Code review of talend jobs by reading talend job .item file


In this post i will like to explain a solution which you can develop and use to do some basic checks/code review for your talend jobs against your coding/development standards.


What this means is that if you have multiple developers working on your talend project and you have some defined code standards/conventions around talend jobs – you can validate all your jobs for this with no manual effort involved. This would save time and will reduce manual errors and make sure jobs conform to standards and best practices. Coding standards could start from naming convention for your jobs, naming convention for components in job, advance properties for components like “use cursor” option for tjdbcinput, commit size, batch size etc…

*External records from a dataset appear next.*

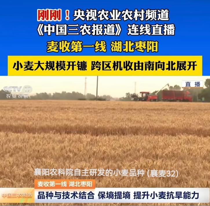 5月17日,央视农业农村频道报道枣阳市七方镇小麦夏收工作。襄阳市农科院小麦团队指导枣阳顺辉农机合作社种植自主研发的优质中强筋小麦品种襄麦32,在今年长时间高温干旱且没浇水的情况下,亩产......
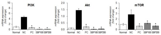 Next, we investigated the mechanisms underlying the effects of SBP extract on PI3K, Akt, and mTOR expression in OVA/Alum-induced mice. The NC group induced with OVA/Alum showed increased PI3K, Akt, and mTOR expression compared with the normal group without any treatment, and this effect was reversed in the drug-treated (PC) and SBP extract-administered groups (* p < 0.05) (Figure 10).
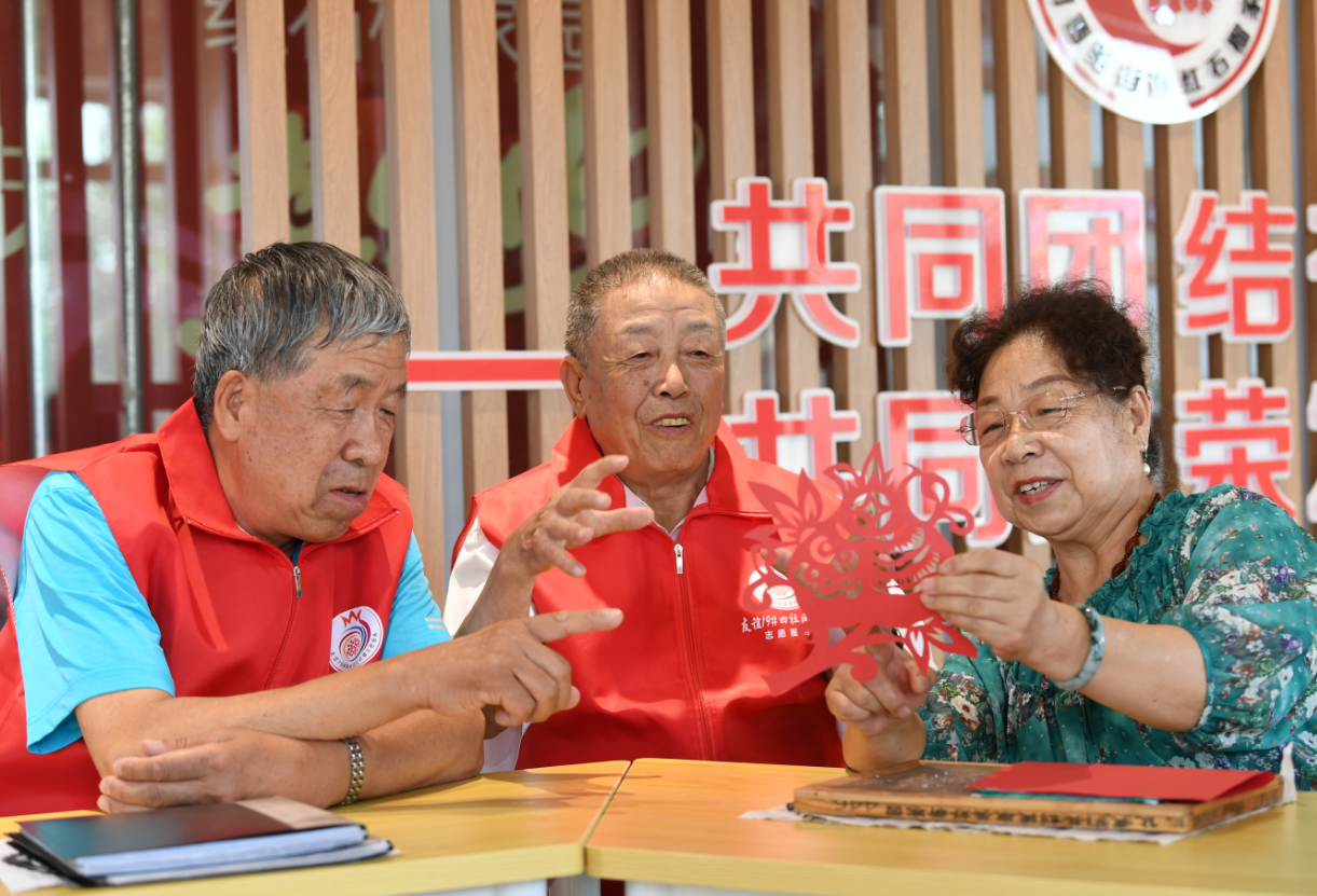 包頭市昆都侖區(qū)友誼19小區(qū)社區(qū)黨群服務中心紅石榴宣講團成員與社區(qū)居民一起剪紙。
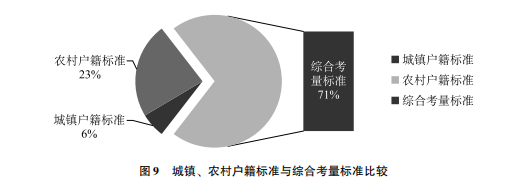最后,裁判邏輯與司法實(shí)踐之間存在差異。司法實(shí)踐和裁判邏輯之間并不是嚴(yán)絲合縫的,法官要考慮的實(shí)際情況與法律規(guī)定之間會(huì)有空隙。樣本顯示,法院裁定贍養(yǎng)的標(biāo)準(zhǔn)一般包括:當(dāng)?shù)亟?jīng)濟(jì)水平、被贍養(yǎng)人實(shí)際需求和贍養(yǎng)人經(jīng)濟(jì)實(shí)力等。將這些因素綜合考量的樣本占比71%。此外,贍養(yǎng)費(fèi)計(jì)算上,戶籍仍有很大影響力,考量城鎮(zhèn)戶籍的占比6%,考量農(nóng)村戶籍的占比23%。見(jiàn)圖9。
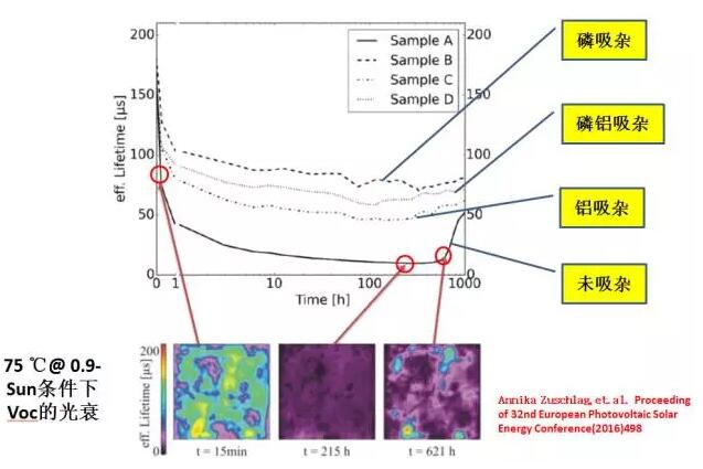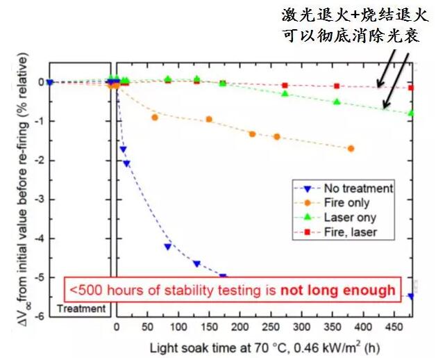总体来说:单晶PERC电池的衰减高于单晶常规电池,其原因主要是由于B-O对导致的,目前已经通过光照退火成功抑制。多晶PERC电池的衰减表现的与温度相关,其原因仍不明朗,但是似乎与多晶硅中过多的金属离子有关。目前已经找到抑制LeTID的途径,包括高温、高光强辐照,以及电注入等技术工艺。但是其大规模应用还具有挑战性。PERC电池对硅片质量提出了更高的要求,多晶硅在这种电池中目前处于劣势状态。
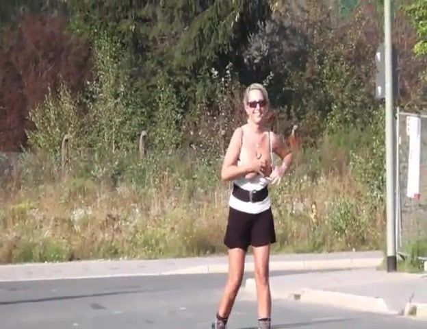 Busty blonde babe is peeing in public. She's teasing us with her big tits. Awesome.
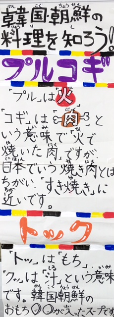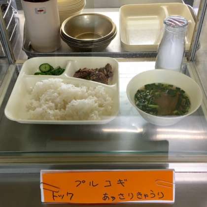 さて、今日の給食は、プルコギ、トック、あっさりキュウリ、ごはん、牛乳です。
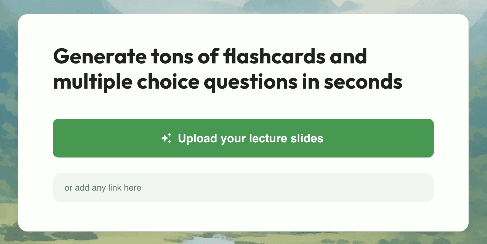 You can upload your lecture slides and get tons of high quality AI generated flashcards so you can spend less time making your flashcards, and more time actually studying them.
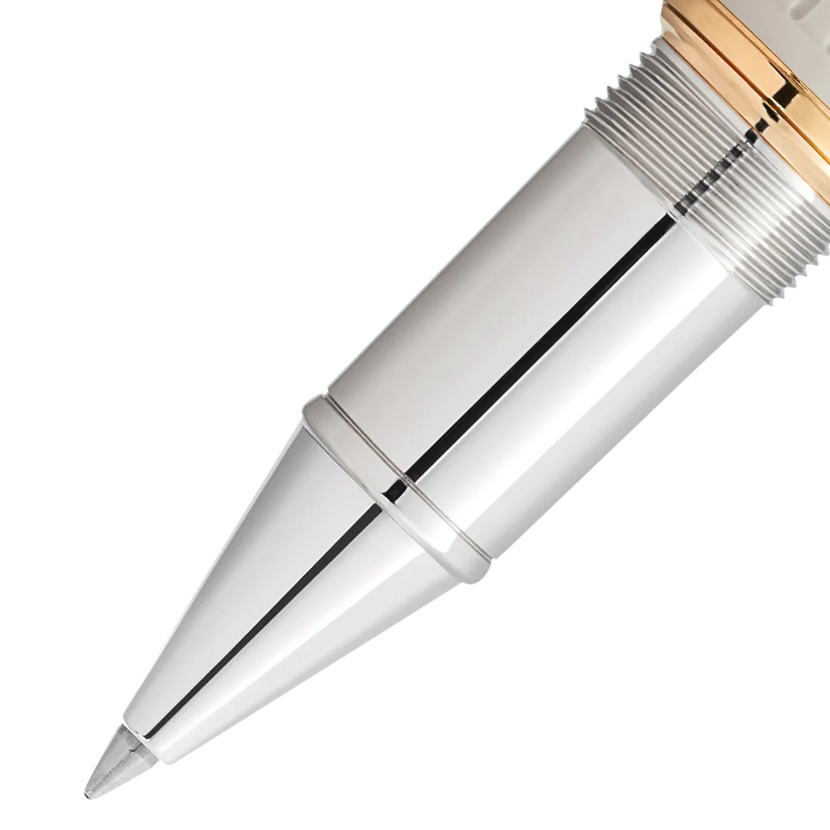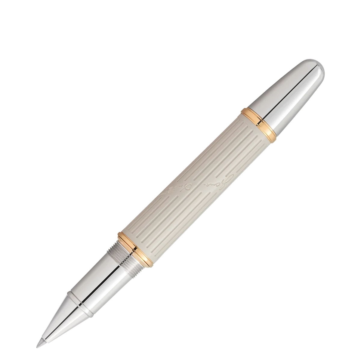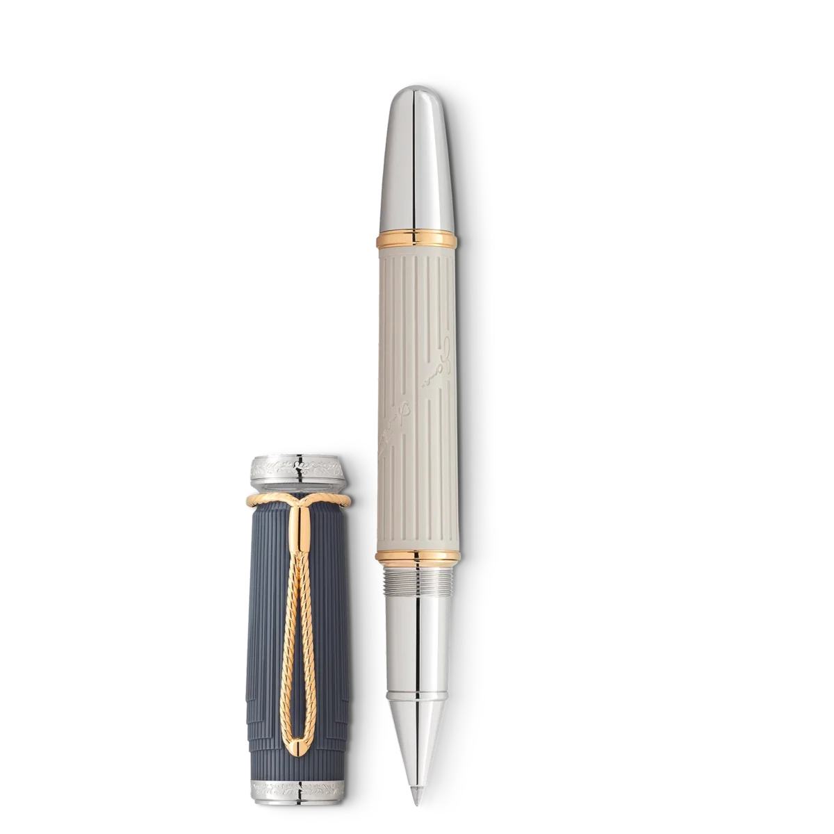 Pocos autores en la historia de la literatura han tenido la capacidad de crear diálogos y dar vida a los personajes con tanta elegancia, ironía y astucia como la autora británica Jane Austen. Montblanc ha creado la Writers Edition Homage to Jane Austen para rendir homenaje a una de las autoras más famosas de la literatura inglesa.Esta edición da vida a la época de la Regencia, cuando las nobles fincas rurales eran el escenario de grandes fiestas celebradas con el fin de cultivar las relaciones sociales y forjar alianzas matrimoniales. Las estrías de una columna clásica adornan el elegante cuerpo de resina gris arenisca, junto con la firma de Jane Austen. El contraste del capuchón gris azulado hace referencia al tipo de abrigo de doble cuello de la Regencia que solían llevar caballeros como el señor Darcy en Orgullo y prejuicio. Los anillos recubiertos de oro del cuerpo y los accesorios chapados en platino añaden los toques finales al diseño. El grabado de los números romanos XLIII en el anillo del capuchón hace referencia al capítulo de la novela en el que Elizabeth Bennet ve por primera vez la finca del señor Darcy.La portada de su novela Sentido y sensibilidad, publicada en 1811, simplemente declaraba que la obra había sido escrita «por una dama». Esta declaración de autoría adorna la parte superior del capuchón de la Writers Edition Homage to Jane Austen Limited Edition, junto con el emblema de Montblanc. La silueta del instrumento de escritura se asemeja a un sello de cera. El clip es tan inusual como el capuchón. Con forma de cordón trenzado con cierre de cordón, se asemeja al de un «retículo», un tipo de bolso que utilizaban las mujeres alrededor de 1800 para llevar sus polvos, espejo y el indispensable pañuelo de bolsillo.N.º de identificación: MB130673 Peso físico: 71,49 g Dimensiones: 147,8 mm * 18,8 mm
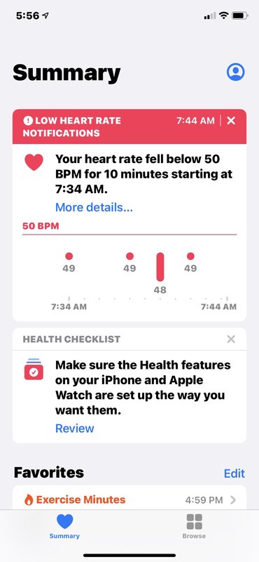 Cpl Vic Burk My Apple Watch alerted me for a low heart rate this morning. The Cardio MD advised me to set the watch at 50 and to use the Watch’s EKG function to make a record.
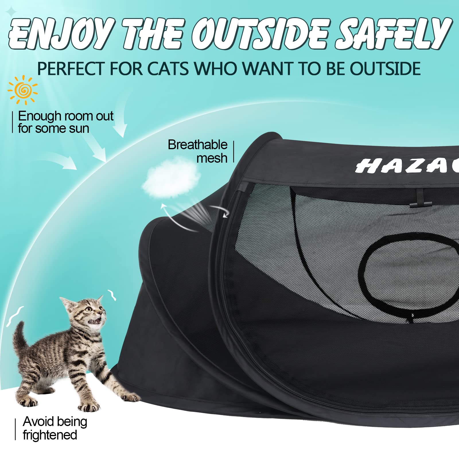 Deine Samtpfote wird dieses Katzenzelt lieben! Das multifunktionale Zelt mit Tunnel ist der ultimative Rückzugsort für deine Katze. Ob als gemütliches Schlafplatz, geschützte Höhle oder aufregender Spieltunnel - hier ist immer was los! Das beste: Es ist super tragbar und kann sowohl drinnen als auch draußen verwendet. Camping mit der Katze? Kein Problem! Das wasserdichte Oxford-Material hält auch mal eine Regendusche aus und ist super langlebig. Mit 84x40x38cm bietet es sogar größeren Katzen genug Platz zum Austoben und Entspannen.
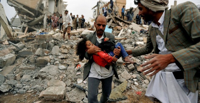 Bombardeo saudí sobre una ciudad de Yemen, una de la más terribles guerras olvidadas

If you had to review jobs manually its a very cumbersome and daunting task and is not full proof. Its highly prone to errors. And with talend every developer can have his own way of writing jobs.The review task becomes increasingly difficult with more developers on team and more jobs to review.

Logic for review utility job

Talend job’s entire metadata is available in *.items, *.properties and *.screenshot files.
From above 3 files *.item file is of utmost importance as this contains XML which contains all details about components and their settings in a job (all components, comments, settings, properties etc..).

You would have to create a new talend job read this above .items file for all jobs in a loop and process this xml structure with xPath – to the level/depth you want to retrieve information. For example you can read this xml at element parameter level (“/talendfile:ProcessType/node/elementParameter”) to fetch properties for each component and then validate each of these properties against your review checks and build your review report.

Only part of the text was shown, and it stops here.